# How do you solve abs(4x-5)>16 ?

Jul 7, 2015

$\left\mid 4 x - 5 \right\mid > 16$ when $x < - \frac{11}{4}$ and $x > \frac{21}{4}$ #### Explanation:

The "absolute value" function is defined as :

When $x \in \mathbb{R} ,$

|x|=x,ifx≥0
|x|=−x,ifx<0

And $4 x - 5 \ge 0$ when $x \ge \frac{5}{4}$

Then, $\left\mid 4 x - 5 \right\mid = 4 x - 5 , \mathmr{if} x \ge \frac{5}{4}$
And, $\left\mid 4 x - 5 \right\mid = - \left(4 x - 5\right) = - 4 x + 5 , \mathmr{if} x < \frac{5}{4}$

To resolve the inequality, we have to separate them in two parts :
when $x \ge \frac{5}{4}$ and when $x < \frac{5}{4}$

If $x \ge \frac{5}{4}$ :
$\left\mid 4 x - 5 \right\mid > 16 \iff 4 x - 5 > 16 \iff 4 x > 21 \iff \textcolor{red}{x > \frac{21}{4}}$


If $x < \frac{5}{4}$ :
$\left\mid 4 x - 5 \right\mid > 16 \iff - 4 x + 5 > 16 \iff - 4 x > 11 \iff - x > \frac{11}{4}$

Recall : when we multiply or divide each side of an inequality by a negative number, we have to inverse the sign of the inequality

Ex : If $- a > 0$ then $a \textcolor{red}{<} 0$ (multiplied by $- 1$)

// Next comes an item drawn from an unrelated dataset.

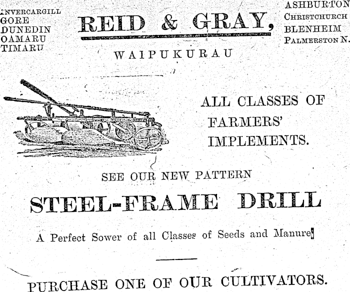 ASHBURTON GO V RE CAKGILL -RTT’T'n & ftEAYa Christchurch DUNEDIN JILJILJLJLJ ■ JLaLCa_ JL $ BLENHEIM OAMAR U Palmerston N. TIMABU , WAIPUKURAU .7 —Y ~ . ALL CLASSES 01? FARMERS’ ■ IMPLEMENTS. SEE OUR NEW PATTERN STEEL-FRAME DRILL A Perfect Sower of all Classes of Seeds and Mannrej PURCHASE ONE OF OUR CULTIVATORS.

Then $\left\mid 4 x - 5 \right\mid > 16 \iff \textcolor{red}{x < - \frac{11}{4}}$


Therefore, $\left\mid 4 x - 5 \right\mid > 16$ when $x < - \frac{11}{4}$ and $x > \frac{21}{4}$


Other notation :
$\left\mid 4 x - 5 \right\mid > 16$ if x in ]-oo;-11/4[uu]21/4;+oo[